▸ **Dataset extract**:
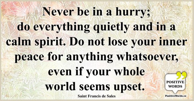 Never be in a hurry; do everything quietly and in a calm spirit. Do not lose your inner peace for anything whatsoever, even if your whole world seems upset.
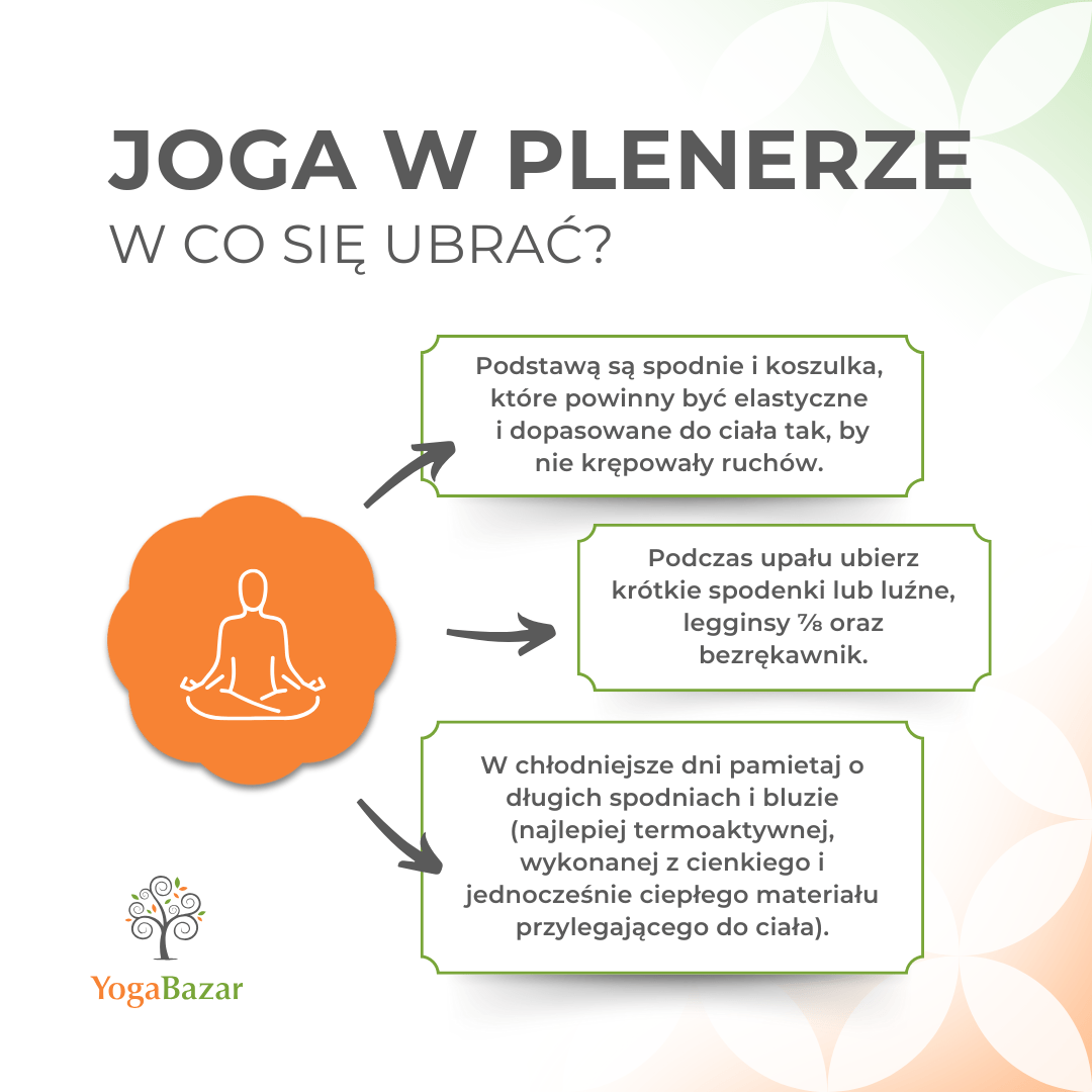 Podczas upału możesz natomiast postawić na krótkie spodenki lub luźne, legginsy ⅞ oraz bezrękawnik. Pomimo wysokiej temperatury miej jednak bluzę (lub ciepły koc) zawsze przy sobie – przyda się, gdy intensywna joga na świeżym powietrzu zakończy się dłuższą relaksacją, a rozgrzane ciało powoli zacznie tracić ciepło.
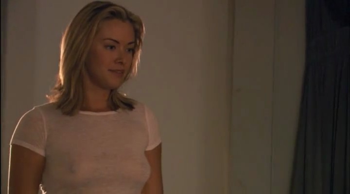 The next couple of scenes are lesbian scenes! And they’re all from the movie called “The L Word”. In the first scene Kristanna Loken and some girl are making out in the kitchen, Kristanna is leaning back on the countertop in a red bra as the girl pulls off her own shirt to go topless. Kristanna’s bra comes off so that we can see both girls’ breasts while they’re both kissing lesbian.
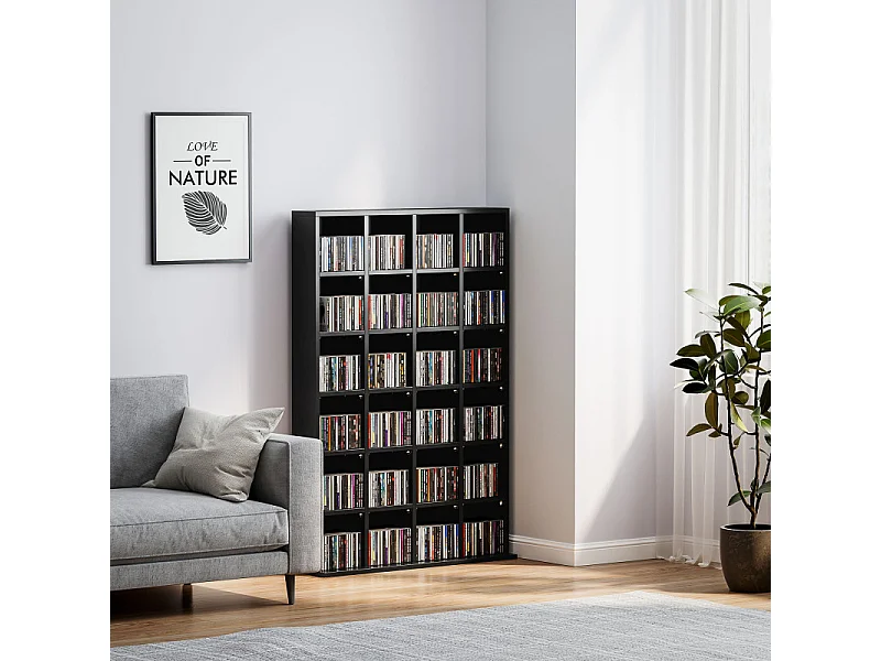 Bibliothèque étagère de rangement à 7 niveaux style industriel acier bois noir
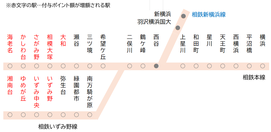 ※「相鉄ポイント」は、相鉄ジョイナスやそうてつローゼンなどの相鉄グループの各商業施設で、1ポイン
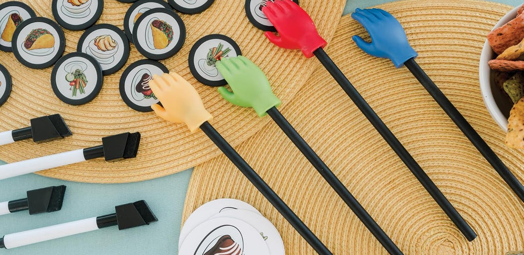 Fast-action game where players use tongs to grab matching snack cards 🍕
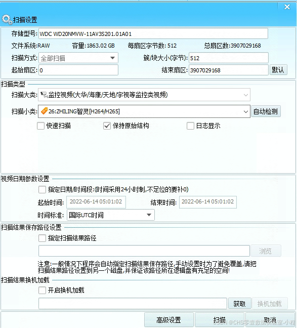 监控类的恢复可以使用CHS零壹视频恢复程序监控版、专业版、高级版来扫描,这里我们使用监控版来扫描。
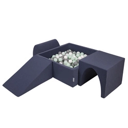 KiddyMoon Piankowy plac zabaw PPZP-KW30D-114 z piłeczkami Zabawka plac zabaw, granatowy: biały-szary-mięta
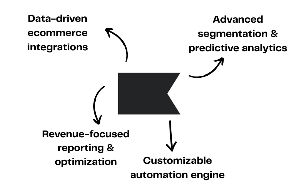 It integrates deeply with Shopify, WooCommerce, BigCommerce, and other platforms to pull real-time behavioral data into your campaigns.
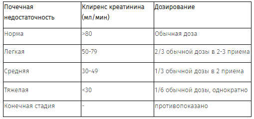 Пожилым больным доза корригируется при наличии почечной недостаточности и при длительной терапии необходим контроль функционального состояния почек.
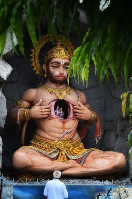 The Sankatmochan Hanuman Ashtak holds immense devotional significance in Hinduism, being a revered prayer dedicated to Lord Hanuman. It is widely recited by devotees to seek blessings, strength, and relief from adversity. The hymn embodies the essence of bhakti, emphasizing devotion, surrender, and faith in the divine. Its recitation is believed to invoke Hanuman’s grace, offering protection, courage, and wisdom. In Hindu spiritual practices, it is often chanted during puja ceremonies, festivals, and personal worship, fostering a deep connection with the divine. The Ashtak’s devotional significance lies in its ability to inspire humility, resilience, and unwavering faith, making it a cherished part of Hindu religious and cultural heritage.
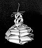 The bottom is made much like the chalice. Select 5 pieces of palm rib and make a sort of "wheel". One can place narrow strands of palm in a large darning needle and weave around these spines. Begin the weave at the top, securing the rib pieces. As it dries it will need to be held in place with clothes pins. Connecting the top and the bottom are palm braids reinforced by palm rib pieces. There are more patterns in the Supplement of this book.

▸ **Problem statement**: Leaving the pictures behind, return every line above exactly.

▸ **Reply to the exercise**:
 Never be in a hurry; do everything quietly and in a calm spirit. Do not lose your inner peace for anything whatsoever, even if your whole world seems upset.
 Podczas upału możesz natomiast postawić na krótkie spodenki lub luźne, legginsy ⅞ oraz bezrękawnik. Pomimo wysokiej temperatury miej jednak bluzę (lub ciepły koc) zawsze przy sobie – przyda się, gdy intensywna joga na świeżym powietrzu zakończy się dłuższą relaksacją, a rozgrzane ciało powoli zacznie tracić ciepło.
 The next couple of scenes are lesbian scenes! And they’re all from the movie called “The L Word”. In the first scene Kristanna Loken and some girl are making out in the kitchen, Kristanna is leaning back on the countertop in a red bra as the girl pulls off her own shirt to go topless. Kristanna’s bra comes off so that we can see both girls’ breasts while they’re both kissing lesbian.
 Bibliothèque étagère de rangement à 7 niveaux style industriel acier bois noir
 ※「相鉄ポイント」は、相鉄ジョイナスやそうてつローゼンなどの相鉄グループの各商業施設で、1ポイン
 Fast-action game where players use tongs to grab matching snack cards 🍕
 监控类的恢复可以使用CHS零壹视频恢复程序监控版、专业版、高级版来扫描,这里我们使用监控版来扫描。
 KiddyMoon Piankowy plac zabaw PPZP-KW30D-114 z piłeczkami Zabawka plac zabaw, granatowy: biały-szary-mięta
 It integrates deeply with Shopify, WooCommerce, BigCommerce, and other platforms to pull real-time behavioral data into your campaigns.
 Пожилым больным доза корригируется при наличии почечной недостаточности и при длительной терапии необходим контроль функционального состояния почек.
 The Sankatmochan Hanuman Ashtak holds immense devotional significance in Hinduism, being a revered prayer dedicated to Lord Hanuman. It is widely recited by devotees to seek blessings, strength, and relief from adversity. The hymn embodies the essence of bhakti, emphasizing devotion, surrender, and faith in the divine. Its recitation is believed to invoke Hanuman’s grace, offering protection, courage, and wisdom. In Hindu spiritual practices, it is often chanted during puja ceremonies, festivals, and personal worship, fostering a deep connection with the divine. The Ashtak’s devotional significance lies in its ability to inspire humility, resilience, and unwavering faith, making it a cherished part of Hindu religious and cultural heritage.
 The bottom is made much like the chalice. Select 5 pieces of palm rib and make a sort of "wheel". One can place narrow strands of palm in a large darning needle and weave around these spines. Begin the weave at the top, securing the rib pieces. As it dries it will need to be held in place with clothes pins. Connecting the top and the bottom are palm braids reinforced by palm rib pieces. There are more patterns in the Supplement of this book.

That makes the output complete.